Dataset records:
Content starts

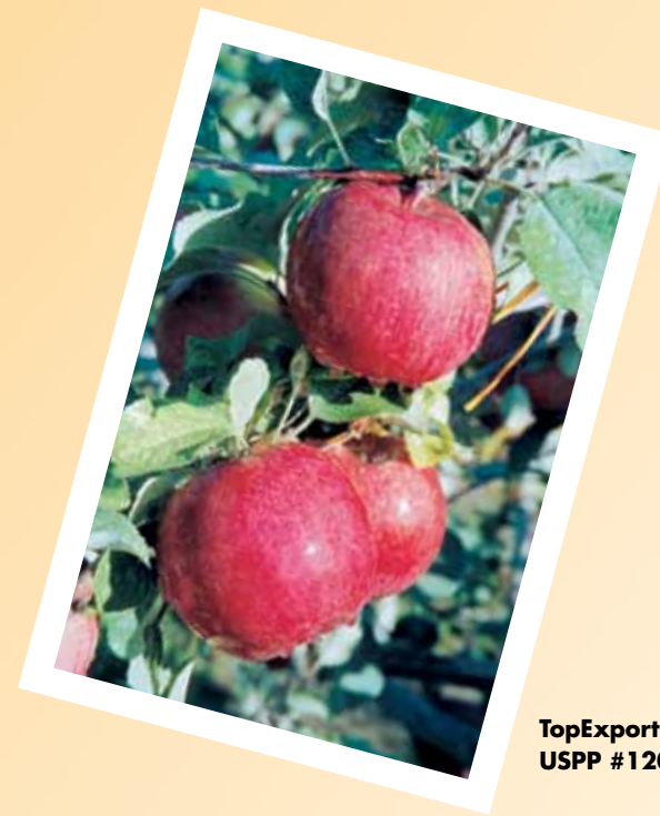
TopExport® Fuji USPP #12098

PINK LADY® brand (USPP #7880)(Cripps Pink Cultivar). Popular cultivar from Australia. Flavor best described as crisp, juicy and tangy. Cripps Pink is recommended for areas with long growing seasons. Available through C & O Nursery only by growing contract. Licensed through Brandt's Fruit Trees, Inc.®
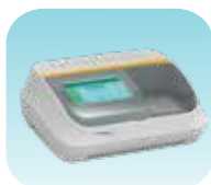
Micro Plate Reader/Washer
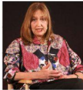
Cath Kidston (b. 1958)
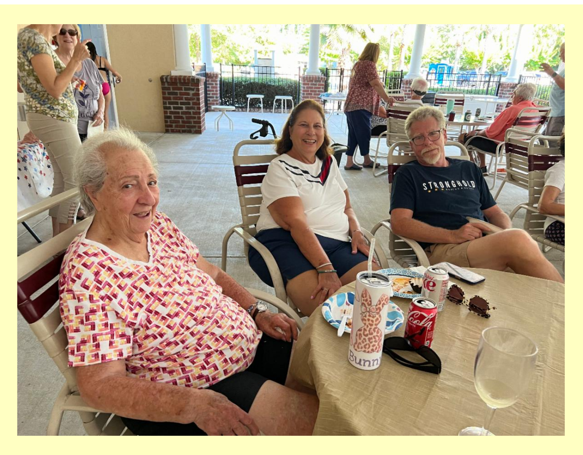
Flag Day Social Event

On Flag Day, June 14<sup>th</sup>, several BP neighbors came together for a social in the pool pavilion. As you can see, the food was plentiful. We have great cooks in Baynard Park!
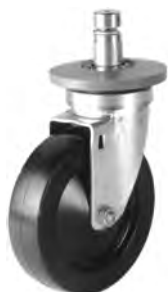
swivel caster with resilient tread

Eagle Stem Caster, model _____. For use with 1"-diameter posts. Resilient or polyurethane tread. Casters with zinc, stainless steel, and polymer boot available. For electronic handling, conductive casters available. Donut bumper included with all stem casters. Swivel casters have a temperature rating of -15°F (-26°C). Note: These stem casters cannot be used with Master Trak® Shelving.
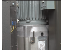
electrically released brake
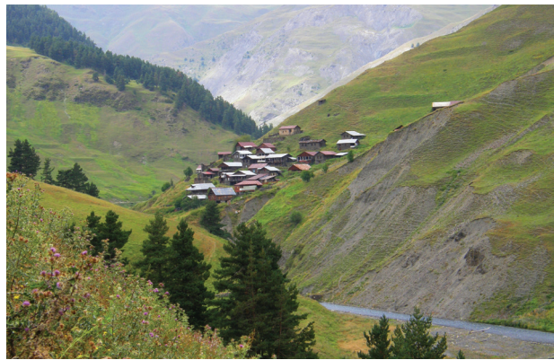
Figure 3. The vicinity of Dzhvarboseli village.

Because the systematics of the D. (saxicola) complex is controversial (Tarkhnishvili et al. 2016), it is necessary to compare the morphology of specimens from the western populations and new geographically remote population of D. brauneri , to obtain genetic data. For this reason, we do not present here the definition of subspecies.
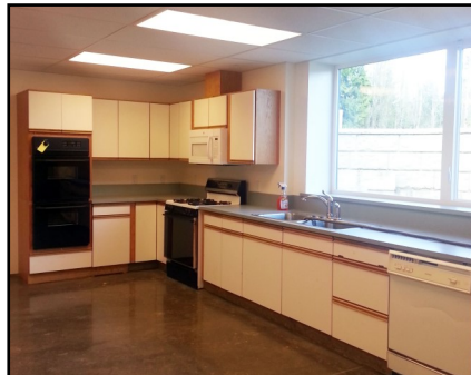
The Keshet kitchen on the lower level is complete, except for a refrigerator.

We are continuing planning for exterior work, such as drainage, patios and sidewalks that will enable us to gain an occupancy permit and move in this fall. Until the outside work is complete, which is expected sometime in August, some interior items are on hold, such as carpeting the main and

Content ends

TRY IT
All of the entries must be reproduced exactly, with no pictures kept.

EXERCISE SOLUTION
TopExport® Fuji USPP #12098

PINK LADY® brand (USPP #7880)(Cripps Pink Cultivar). Popular cultivar from Australia. Flavor best described as crisp, juicy and tangy. Cripps Pink is recommended for areas with long growing seasons. Available through C & O Nursery only by growing contract. Licensed through Brandt's Fruit Trees, Inc.®
Micro Plate Reader/Washer
Cath Kidston (b. 1958)
Flag Day Social Event

On Flag Day, June 14<sup>th</sup>, several BP neighbors came together for a social in the pool pavilion. As you can see, the food was plentiful. We have great cooks in Baynard Park!
swivel caster with resilient tread

Eagle Stem Caster, model _____. For use with 1"-diameter posts. Resilient or polyurethane tread. Casters with zinc, stainless steel, and polymer boot available. For electronic handling, conductive casters available. Donut bumper included with all stem casters. Swivel casters have a temperature rating of -15°F (-26°C). Note: These stem casters cannot be used with Master Trak® Shelving.
electrically released brake
Figure 3. The vicinity of Dzhvarboseli village.

Because the systematics of the D. (saxicola) complex is controversial (Tarkhnishvili et al. 2016), it is necessary to compare the morphology of specimens from the western populations and new geographically remote population of D. brauneri , to obtain genetic data. For this reason, we do not present here the definition of subspecies.
The Keshet kitchen on the lower level is complete, except for a refrigerator.

We are continuing planning for exterior work, such as drainage, patios and sidewalks that will enable us to gain an occupancy permit and move in this fall. Until the outside work is complete, which is expected sometime in August, some interior items are on hold, such as carpeting the main and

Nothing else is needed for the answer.